§ **TASK DETAILS**: Drop every picture. Then return, exactly, the lines from the beginning of the listing below through the one containing "Стандартный старый банкомат, можно".

GIVEN DATA Start Marker

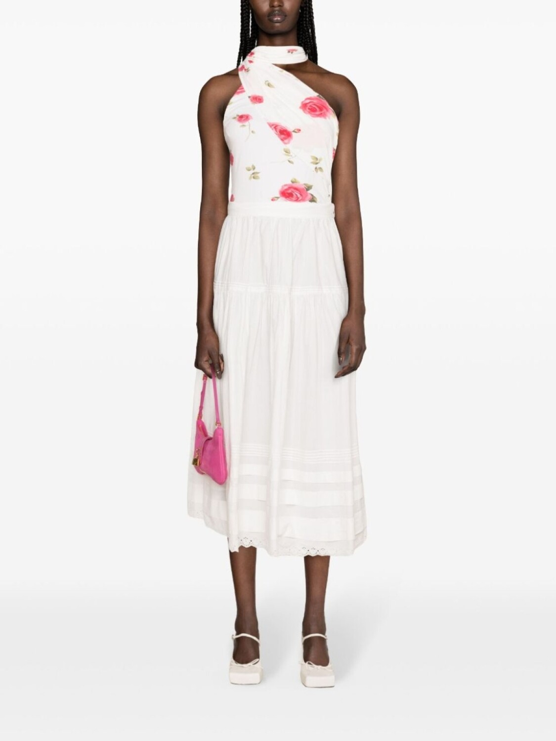 Белый, органический хлопок, поплин, складки, вытачки, А-образный силуэт, ярусная юбка, завышенная талия, потайная застежка на молнии сбоку, подол с фкстонами, длина миди, Этот товар как минимум на 50% состоит из органических материалов., Узнать больше о том, какие товары получают отметку «Ответственный выбор», можно здесь.
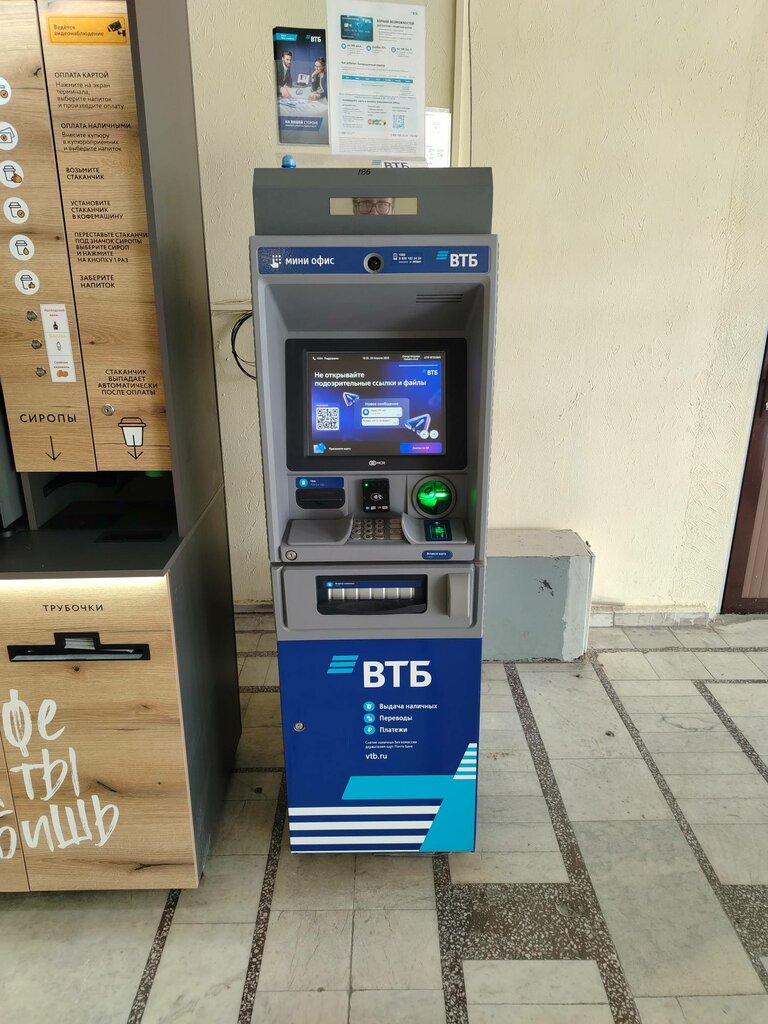 Стандартный старый банкомат, можно снять наличные, но не положить на карту. ВХОД НАХОДИТЬСЯ СО СТОРОНЫ УЛИЦЫ ВОЛГОГРАДСКОЙ!
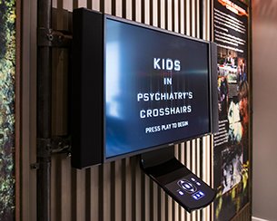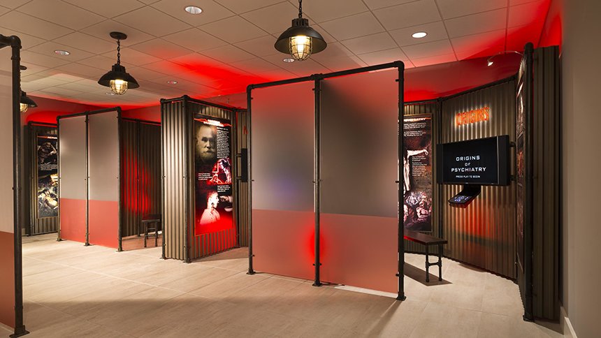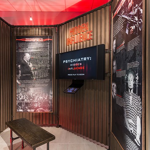 Non limitandosi affatto solo a una serie di schermi, la mostra si basa sul documentario in versione integrale che presenta l’intera storia della psichiatria, smascherando le sue origini pseudoscientifiche e le scioccanti violazioni dei diritti umani che hanno portato alla creazione del CCHR.
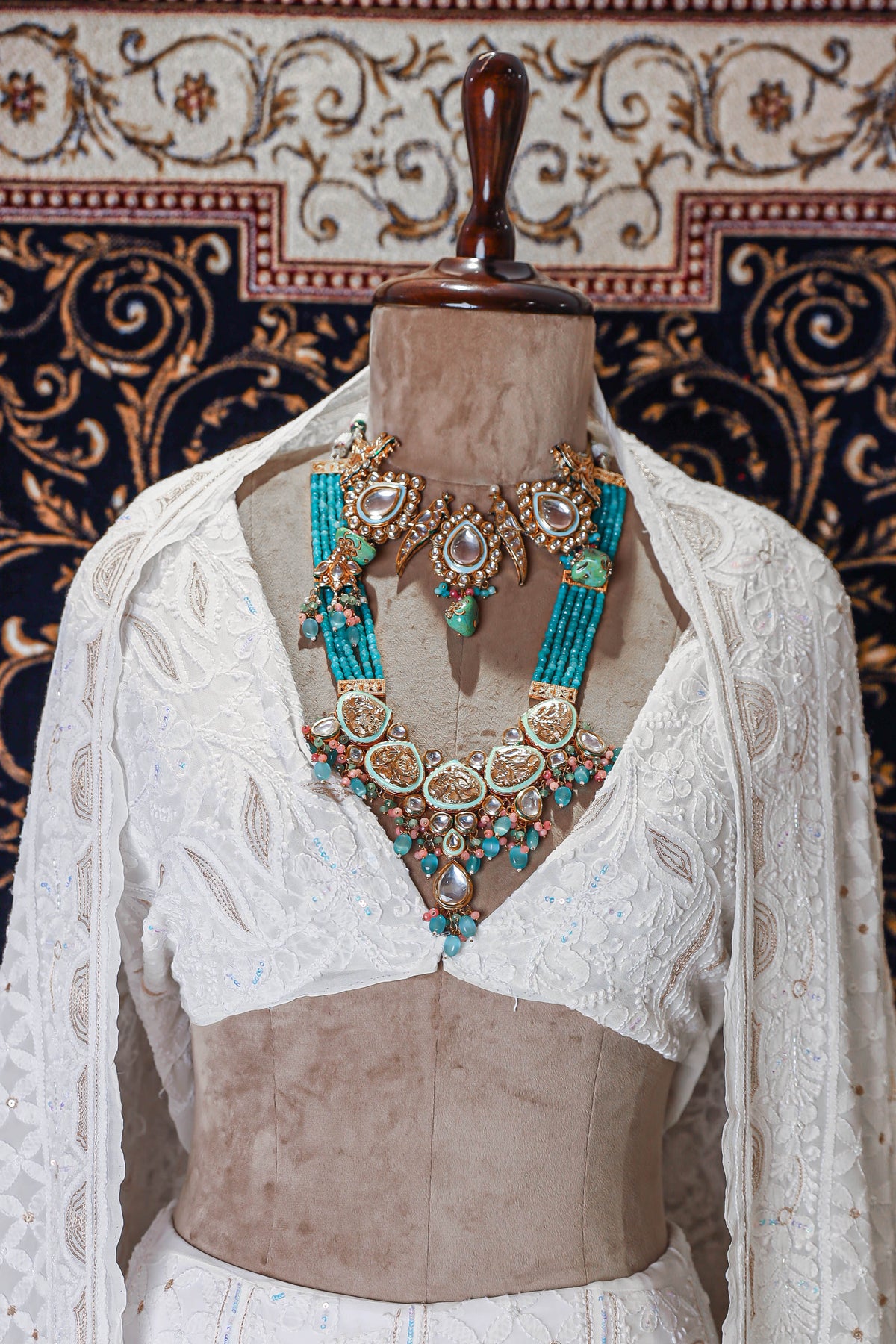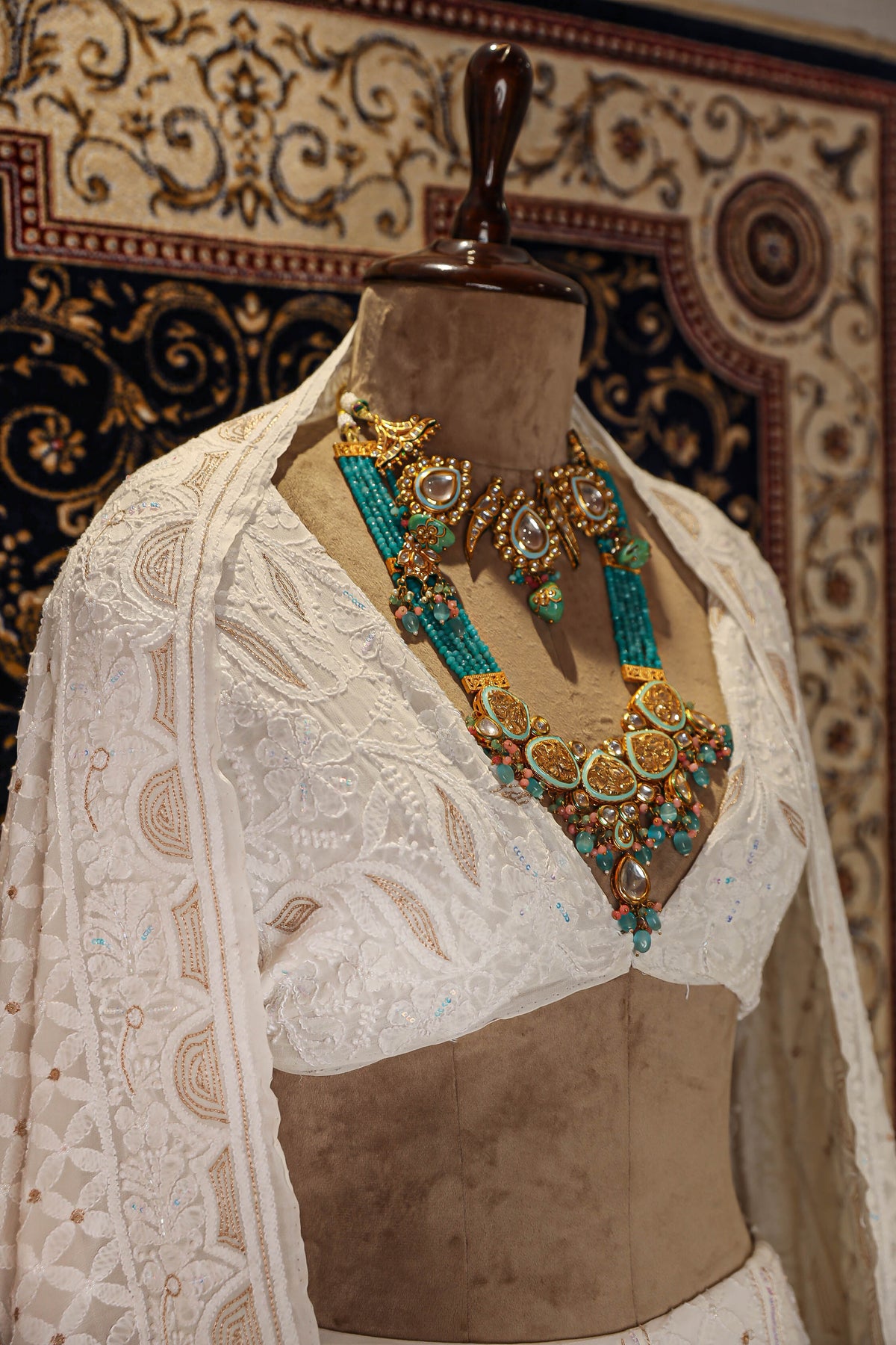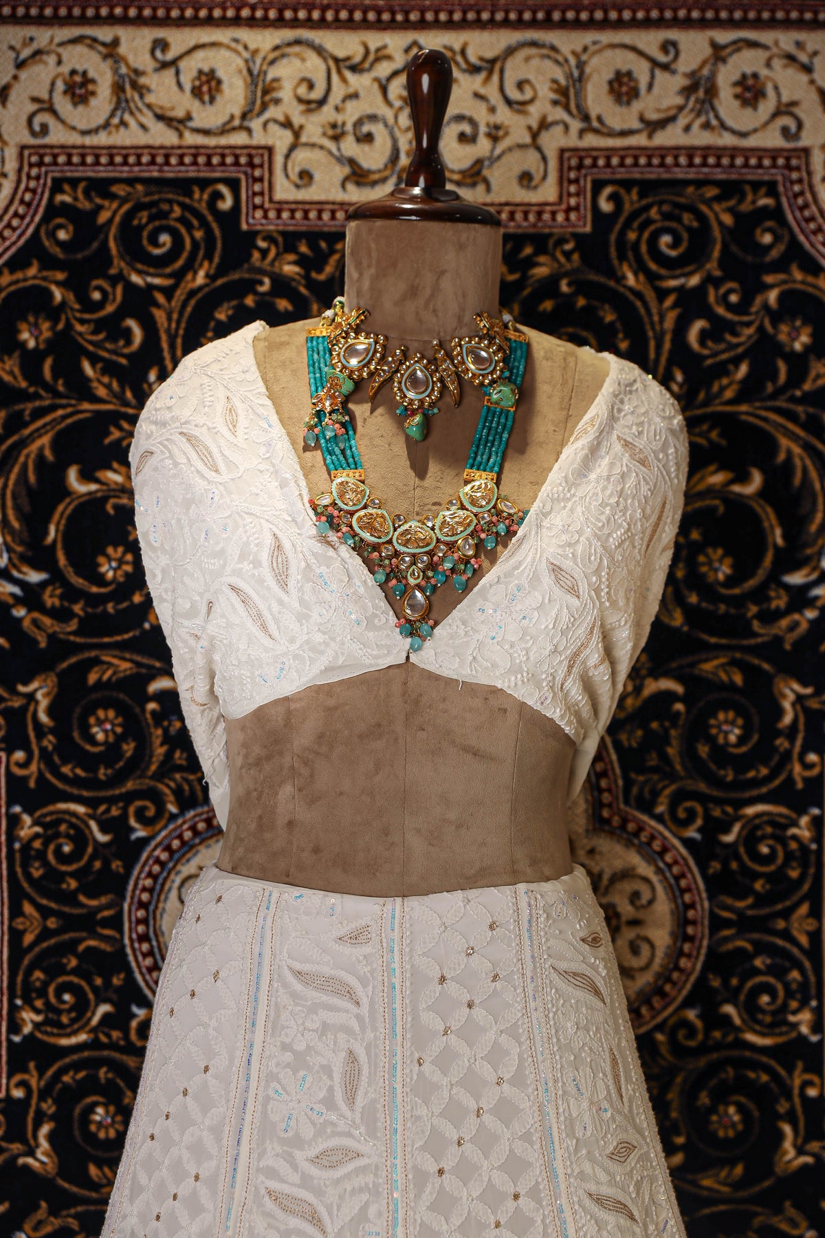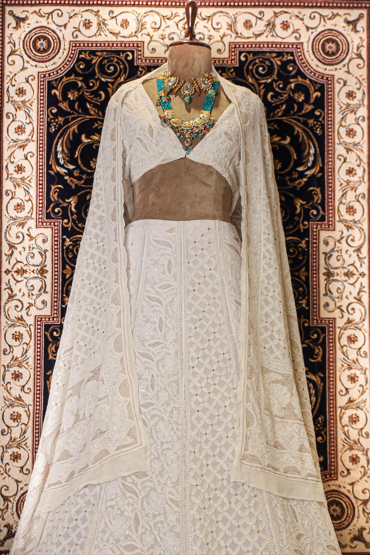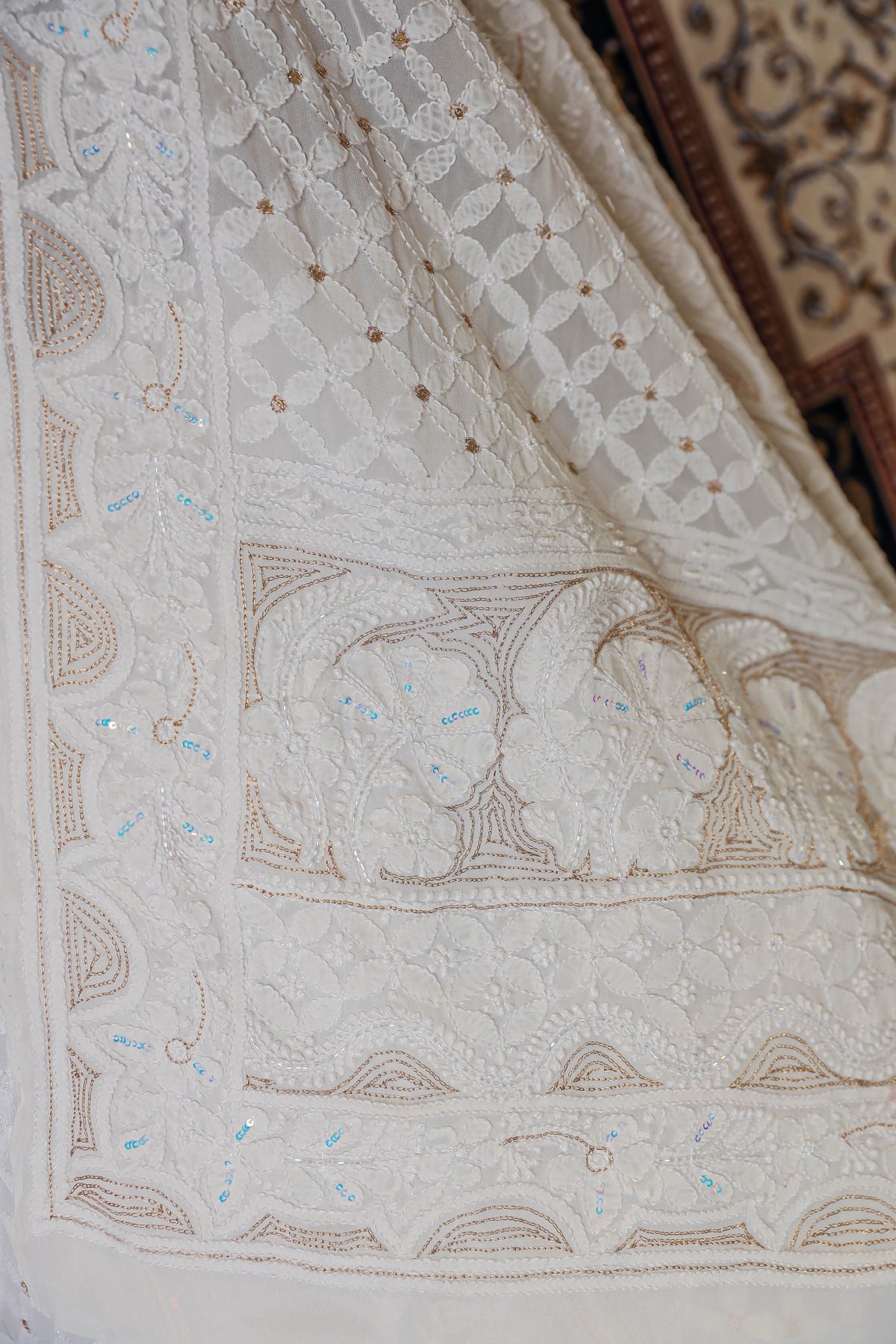 Chikankari is an Art of delicate handwork of Lucknow. It is a handcrafted process where the wooden blocks are manually carved in various designs, and the natural stew for printing is prepared, and printed on the cloth. The chikankari craftsmen then use ten ary of the needlecraft embroidery, and perform the needlework artistically. There are 32 stitches of chikankari broadly classified into Raised stitch, Embossed and Flat stitch.

GIVEN DATA End Marker

§ **ANSWER**:
 Белый, органический хлопок, поплин, складки, вытачки, А-образный силуэт, ярусная юбка, завышенная талия, потайная застежка на молнии сбоку, подол с фкстонами, длина миди, Этот товар как минимум на 50% состоит из органических материалов., Узнать больше о том, какие товары получают отметку «Ответственный выбор», можно здесь.
 Стандартный старый банкомат, можно снять наличные, но не положить на карту. ВХОД НАХОДИТЬСЯ СО СТОРОНЫ УЛИЦЫ ВОЛГОГРАДСКОЙ!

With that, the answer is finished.